=== WHAT YOU NEED TO DO ===
Retype the data below exactly, skipping pictures.

=== DATASET CONTENT ===
========================================

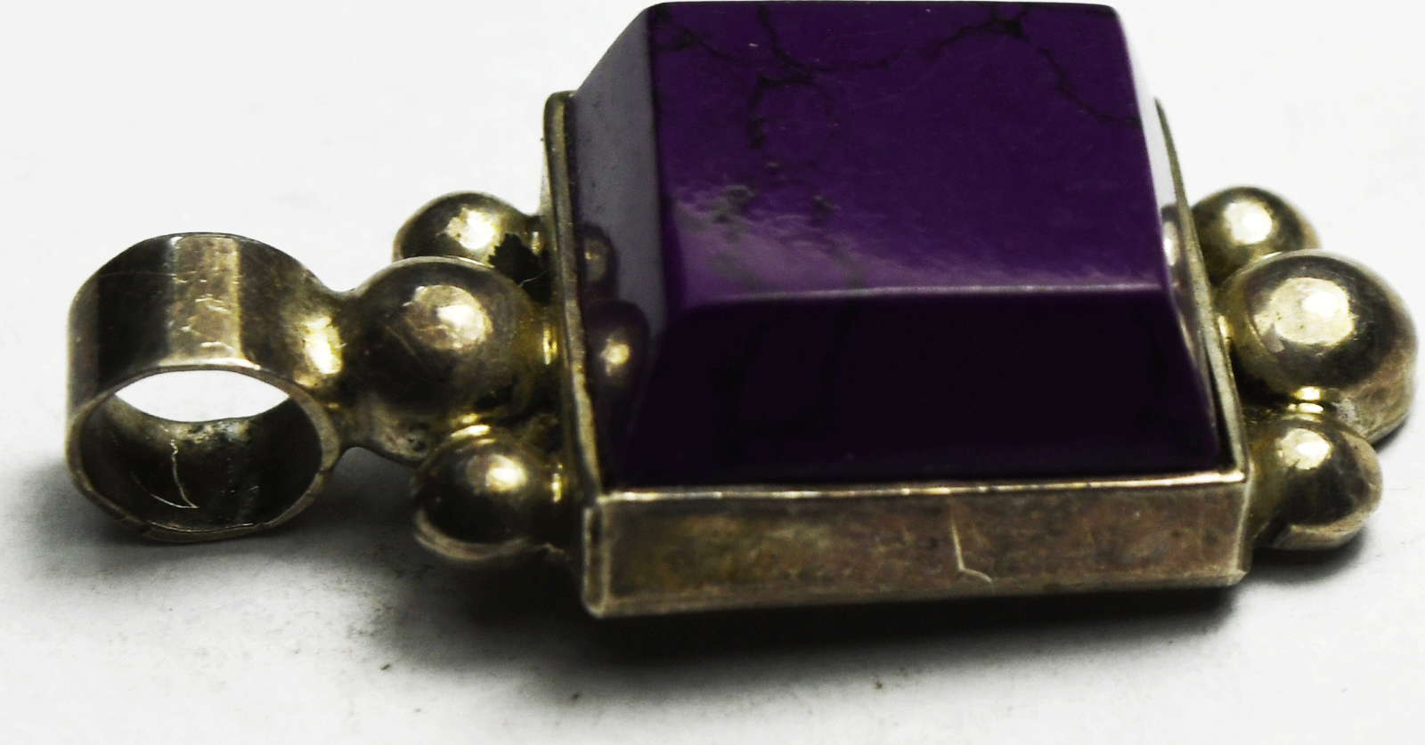 Sterling Silver Purple Turquoise Dot Pendant 35mm x 17mm
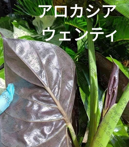 - アロカシア ウェンティ葉裏が光沢茶黒で魅力的 苗 ポット苗 葉裏 スモーキー色のアロカシア
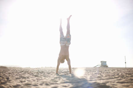 Mid adult man doing handstand on beach

========================================

=== ANSWER TO THIS TASK ===
 Sterling Silver Purple Turquoise Dot Pendant 35mm x 17mm
 - アロカシア ウェンティ葉裏が光沢茶黒で魅力的 苗 ポット苗 葉裏 スモーキー色のアロカシア
 Mid adult man doing handstand on beach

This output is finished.